- _EXERCISE BRIEF_
Only one stretch of the material below is wanted: everything from the line containing "These is a set" down to the line containing "凸顯雨中屋檐下?lián)伍_粉色清幽", both ends included. Repeat it exactly and skip the pictures.

START DATASET RECORDS

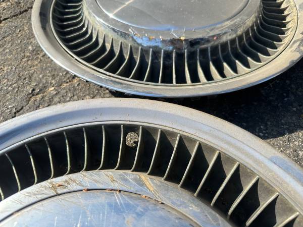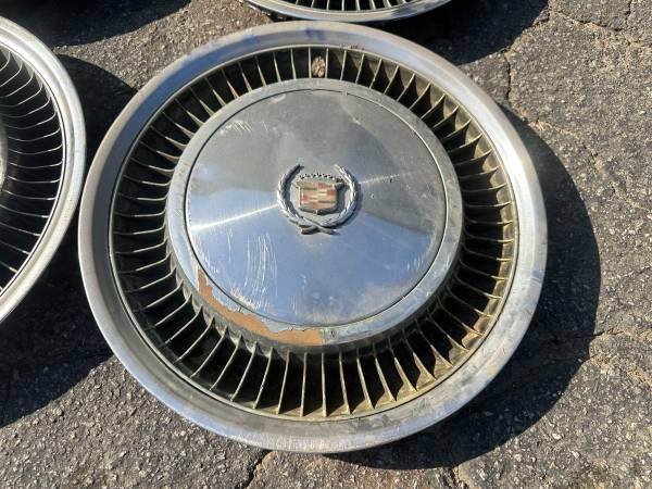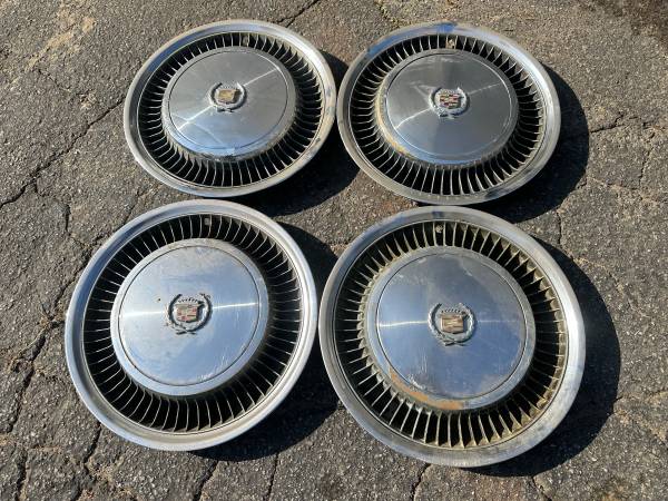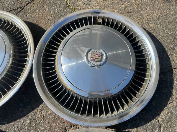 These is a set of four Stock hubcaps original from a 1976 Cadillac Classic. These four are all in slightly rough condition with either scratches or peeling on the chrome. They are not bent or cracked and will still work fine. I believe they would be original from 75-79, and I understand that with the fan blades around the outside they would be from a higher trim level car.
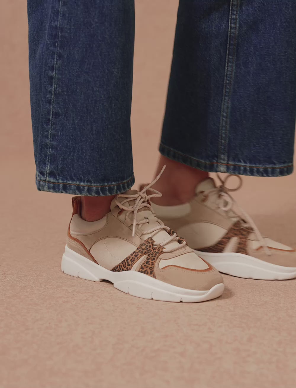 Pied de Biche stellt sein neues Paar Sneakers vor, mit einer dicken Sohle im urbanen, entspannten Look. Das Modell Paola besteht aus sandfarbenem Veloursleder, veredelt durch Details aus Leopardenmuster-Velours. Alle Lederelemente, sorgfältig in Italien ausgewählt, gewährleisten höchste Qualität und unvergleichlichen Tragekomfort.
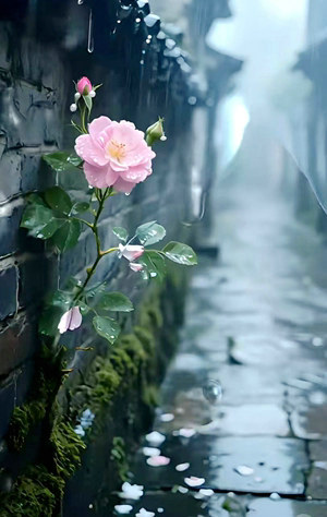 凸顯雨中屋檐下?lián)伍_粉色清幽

END DATASET RECORDS
START DATASET RECORDS

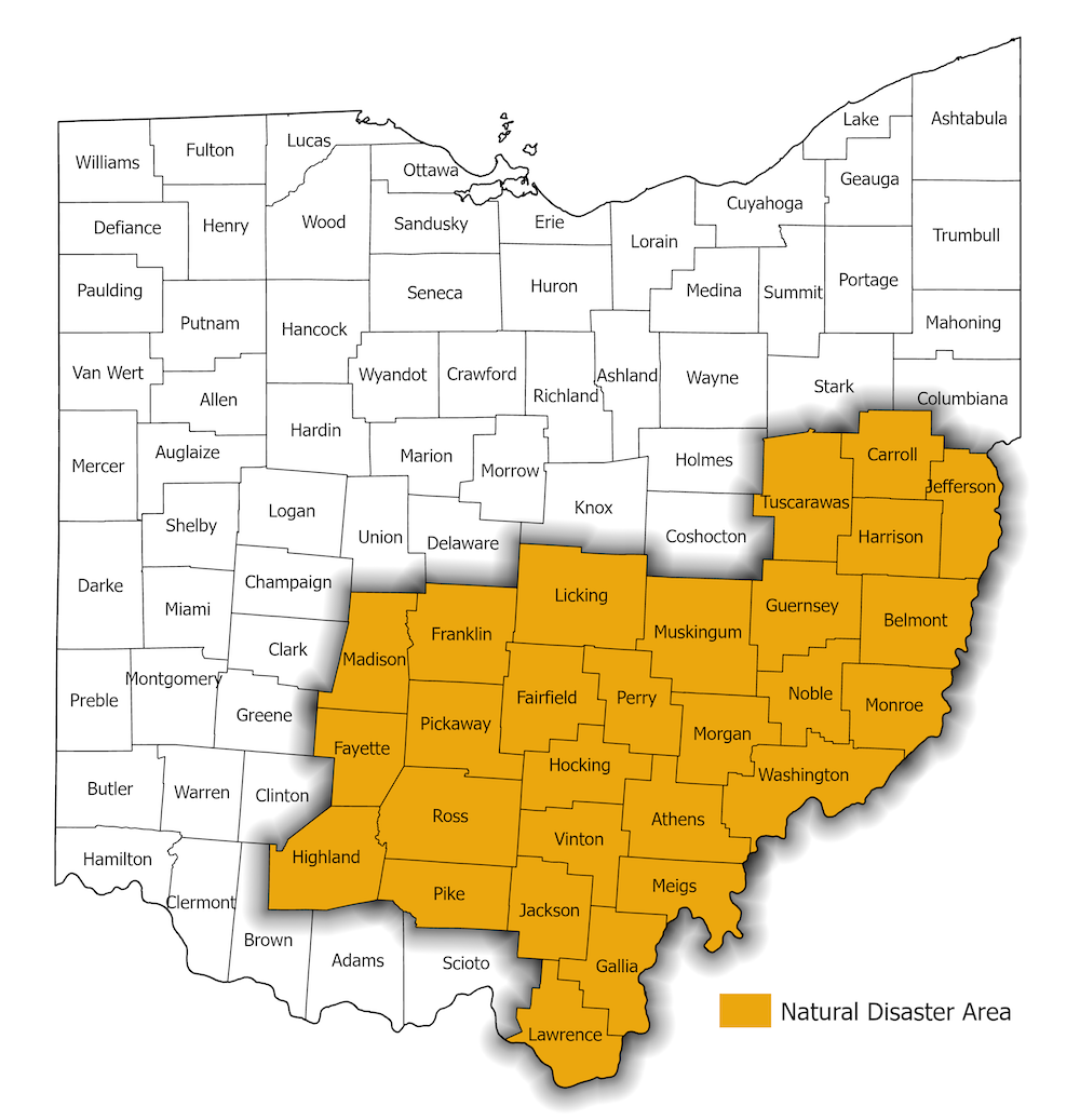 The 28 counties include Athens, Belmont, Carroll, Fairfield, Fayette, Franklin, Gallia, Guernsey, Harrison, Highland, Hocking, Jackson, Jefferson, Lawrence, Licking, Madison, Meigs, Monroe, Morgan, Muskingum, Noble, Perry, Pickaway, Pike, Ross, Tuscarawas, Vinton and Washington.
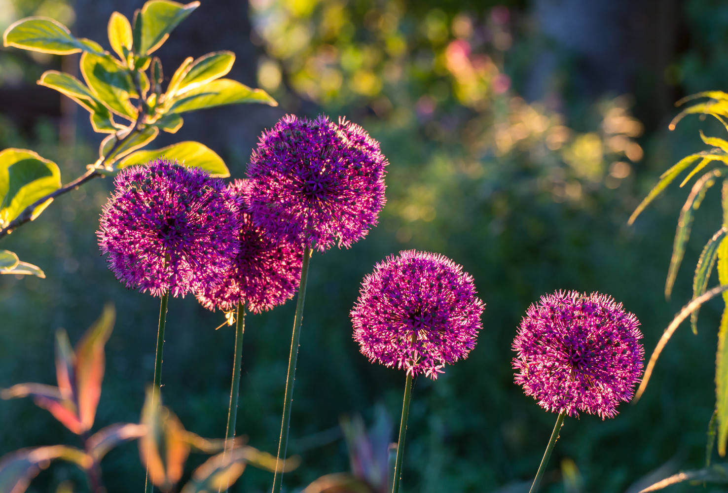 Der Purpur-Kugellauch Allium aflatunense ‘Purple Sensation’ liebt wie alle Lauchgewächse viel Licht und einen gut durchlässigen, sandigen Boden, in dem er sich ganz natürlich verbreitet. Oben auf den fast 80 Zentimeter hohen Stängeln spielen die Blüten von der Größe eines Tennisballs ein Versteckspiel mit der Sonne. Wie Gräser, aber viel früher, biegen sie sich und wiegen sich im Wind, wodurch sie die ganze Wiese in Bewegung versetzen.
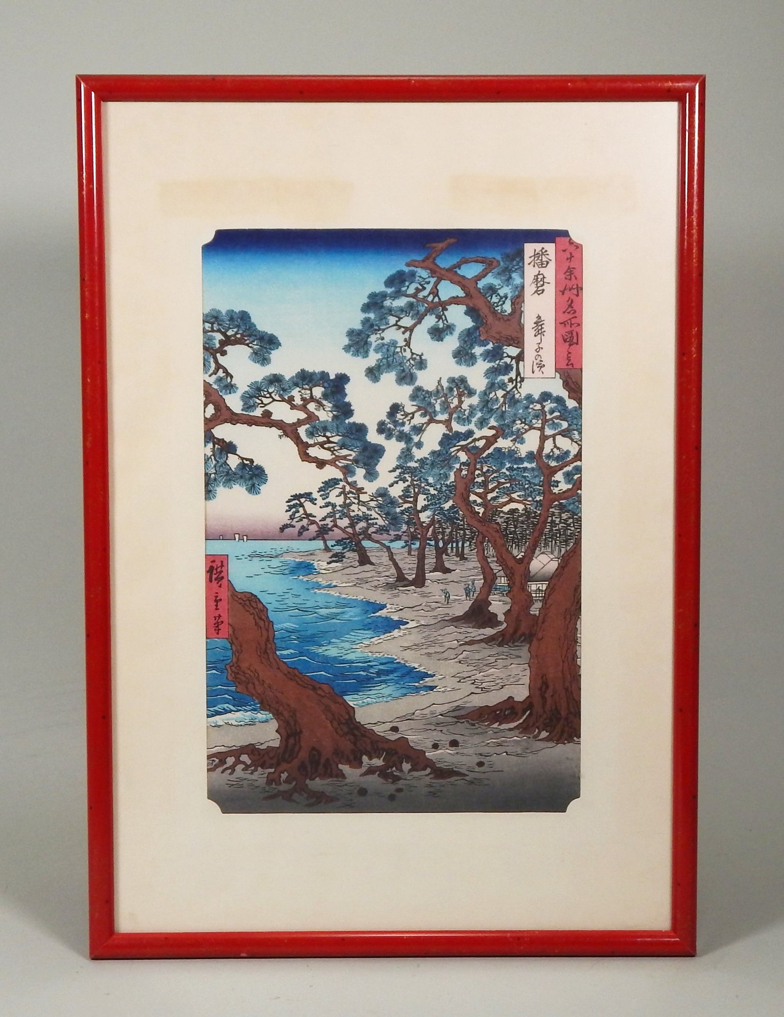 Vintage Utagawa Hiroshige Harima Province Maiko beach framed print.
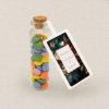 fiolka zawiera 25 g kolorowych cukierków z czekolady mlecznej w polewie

END DATASET RECORDS

- _RESULT OF THIS EXERCISE_
 These is a set of four Stock hubcaps original from a 1976 Cadillac Classic. These four are all in slightly rough condition with either scratches or peeling on the chrome. They are not bent or cracked and will still work fine. I believe they would be original from 75-79, and I understand that with the fan blades around the outside they would be from a higher trim level car.
 Pied de Biche stellt sein neues Paar Sneakers vor, mit einer dicken Sohle im urbanen, entspannten Look. Das Modell Paola besteht aus sandfarbenem Veloursleder, veredelt durch Details aus Leopardenmuster-Velours. Alle Lederelemente, sorgfältig in Italien ausgewählt, gewährleisten höchste Qualität und unvergleichlichen Tragekomfort.
 凸顯雨中屋檐下?lián)伍_粉色清幽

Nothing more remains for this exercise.